• **What this task involves**: Exactly the lines below starting at the line with "一応「甘党では日本を守れない" and ending at the line with "Dekoratívne zrkadlo v" are wanted, with both ends included. Leave out the pictures and add no other lines.

• **Dataset excerpts**:
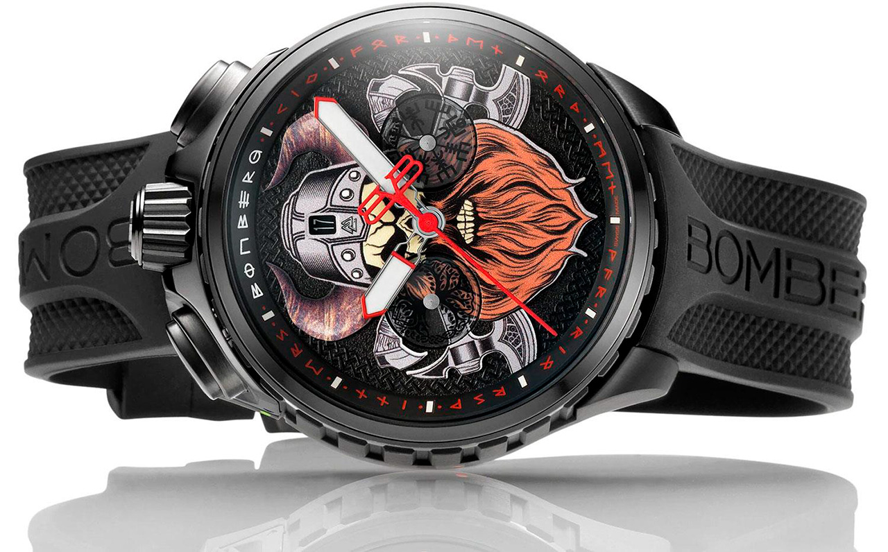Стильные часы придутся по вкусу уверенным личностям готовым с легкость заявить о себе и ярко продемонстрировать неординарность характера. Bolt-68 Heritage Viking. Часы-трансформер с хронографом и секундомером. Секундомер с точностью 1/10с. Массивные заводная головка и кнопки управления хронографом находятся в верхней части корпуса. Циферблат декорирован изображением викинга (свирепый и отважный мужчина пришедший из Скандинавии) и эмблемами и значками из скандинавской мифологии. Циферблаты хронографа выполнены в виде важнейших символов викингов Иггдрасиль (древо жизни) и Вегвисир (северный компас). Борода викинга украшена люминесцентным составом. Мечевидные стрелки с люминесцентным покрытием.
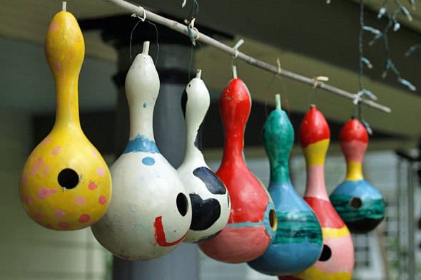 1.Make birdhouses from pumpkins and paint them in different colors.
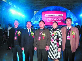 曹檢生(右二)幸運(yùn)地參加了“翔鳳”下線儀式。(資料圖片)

* * *

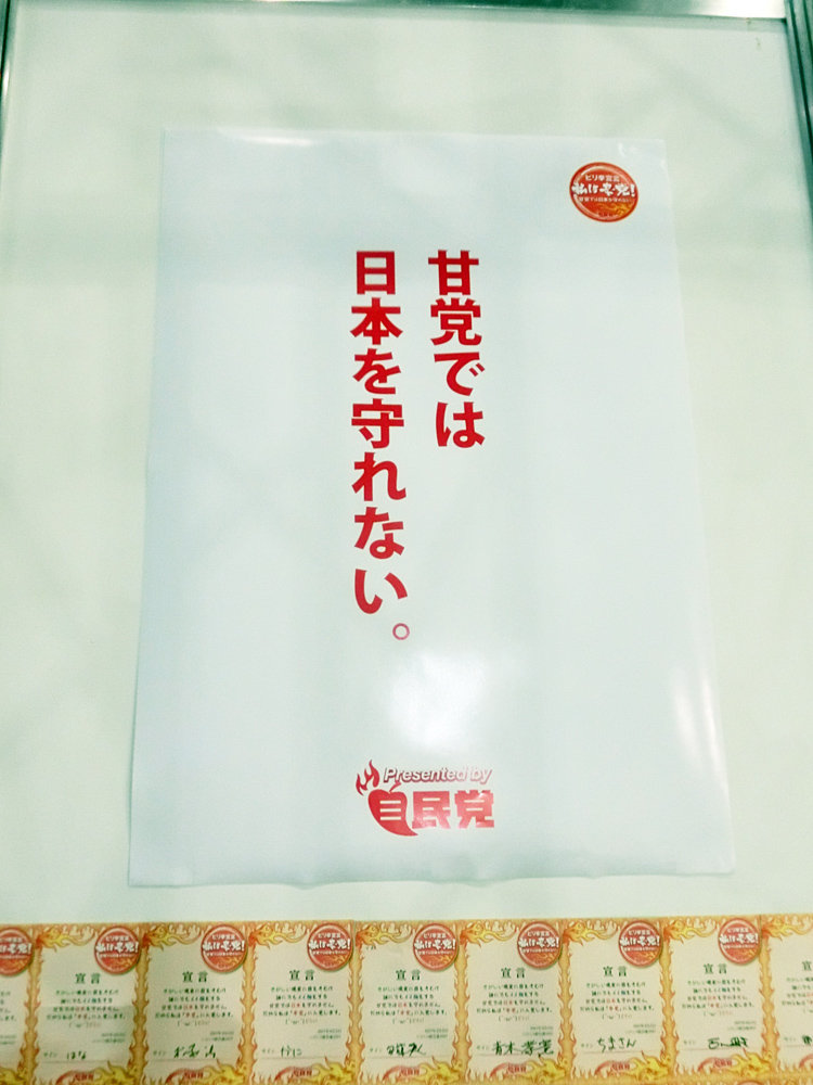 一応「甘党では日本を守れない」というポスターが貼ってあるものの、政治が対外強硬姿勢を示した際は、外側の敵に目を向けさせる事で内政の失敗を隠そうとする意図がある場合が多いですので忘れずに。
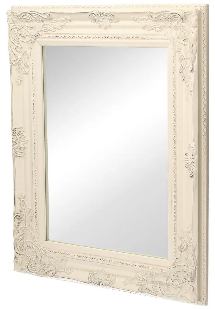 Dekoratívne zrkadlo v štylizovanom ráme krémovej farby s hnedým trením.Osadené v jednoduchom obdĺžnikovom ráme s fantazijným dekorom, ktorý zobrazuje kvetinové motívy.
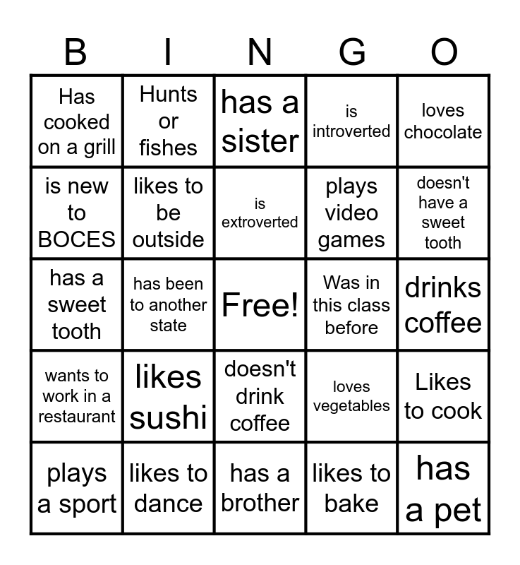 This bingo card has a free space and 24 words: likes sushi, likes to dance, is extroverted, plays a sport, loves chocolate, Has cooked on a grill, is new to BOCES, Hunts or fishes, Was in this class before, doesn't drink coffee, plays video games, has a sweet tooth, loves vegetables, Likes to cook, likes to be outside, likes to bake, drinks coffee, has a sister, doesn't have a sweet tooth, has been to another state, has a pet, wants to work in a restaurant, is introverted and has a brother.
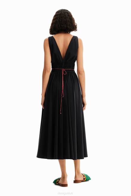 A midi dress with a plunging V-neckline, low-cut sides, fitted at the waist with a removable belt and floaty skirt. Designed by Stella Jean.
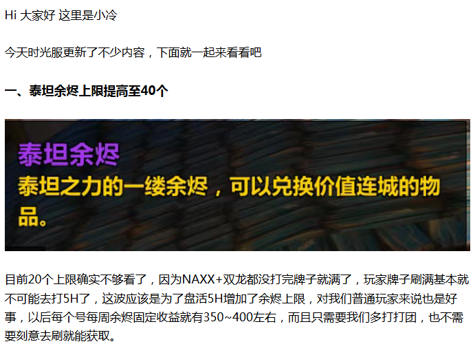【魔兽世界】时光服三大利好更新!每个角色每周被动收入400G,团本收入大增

==

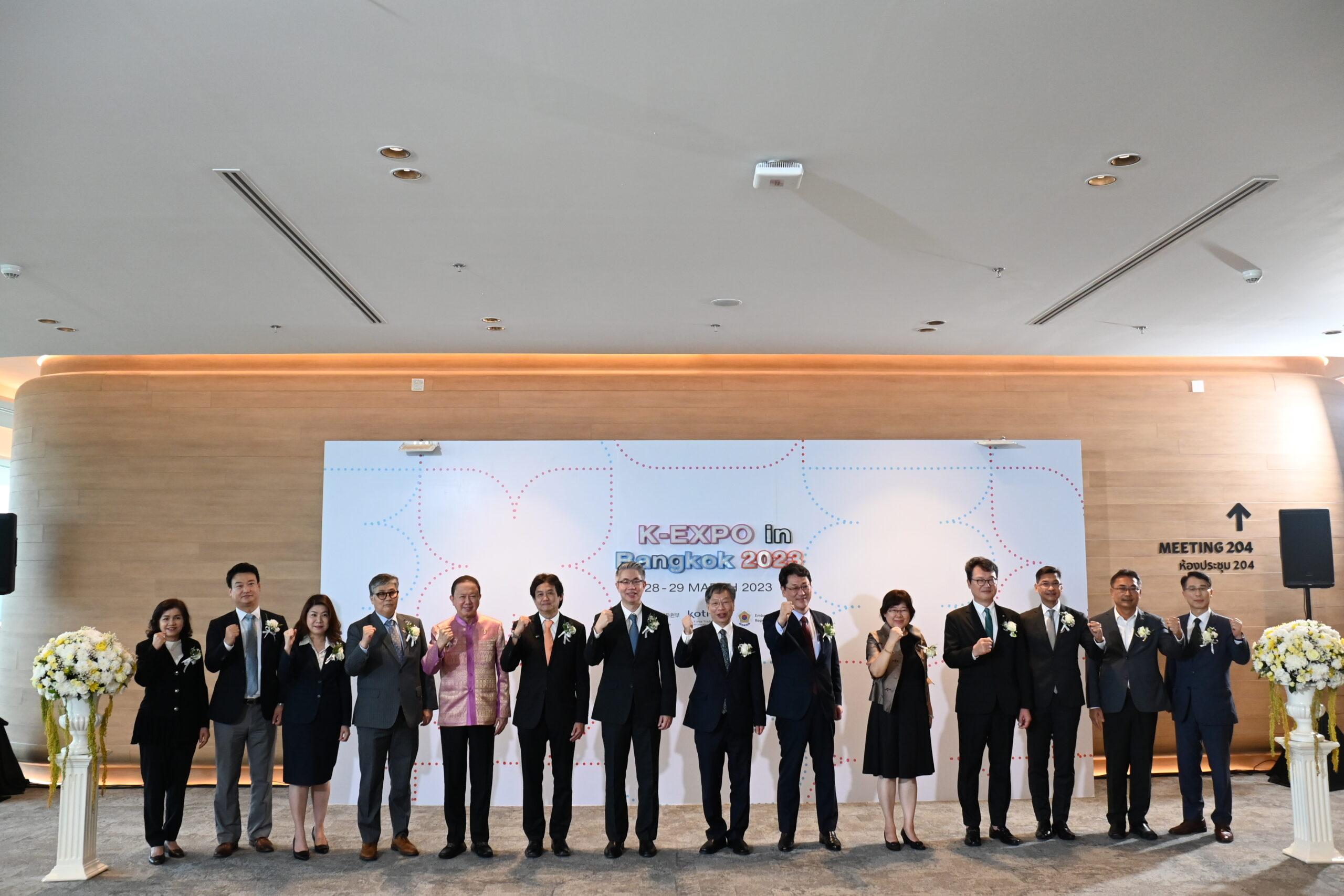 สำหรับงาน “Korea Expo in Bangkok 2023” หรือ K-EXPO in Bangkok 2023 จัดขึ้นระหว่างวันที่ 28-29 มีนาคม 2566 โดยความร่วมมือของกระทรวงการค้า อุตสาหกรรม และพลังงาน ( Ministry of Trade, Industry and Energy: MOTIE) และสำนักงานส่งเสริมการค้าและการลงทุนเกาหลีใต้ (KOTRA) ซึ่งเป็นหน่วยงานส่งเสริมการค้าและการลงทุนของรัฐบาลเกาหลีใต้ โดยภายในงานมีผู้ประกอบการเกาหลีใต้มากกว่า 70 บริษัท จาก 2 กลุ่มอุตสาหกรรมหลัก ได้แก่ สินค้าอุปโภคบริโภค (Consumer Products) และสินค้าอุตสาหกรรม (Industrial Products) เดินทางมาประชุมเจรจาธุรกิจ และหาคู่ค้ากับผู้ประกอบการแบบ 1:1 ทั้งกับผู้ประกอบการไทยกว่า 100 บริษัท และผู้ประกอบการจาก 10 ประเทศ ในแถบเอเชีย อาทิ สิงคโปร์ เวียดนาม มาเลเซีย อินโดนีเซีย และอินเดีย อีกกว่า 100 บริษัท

• **Final answer**:
 一応「甘党では日本を守れない」というポスターが貼ってあるものの、政治が対外強硬姿勢を示した際は、外側の敵に目を向けさせる事で内政の失敗を隠そうとする意図がある場合が多いですので忘れずに。
 Dekoratívne zrkadlo v štylizovanom ráme krémovej farby s hnedým trením.Osadené v jednoduchom obdĺžnikovom ráme s fantazijným dekorom, ktorý zobrazuje kvetinové motívy.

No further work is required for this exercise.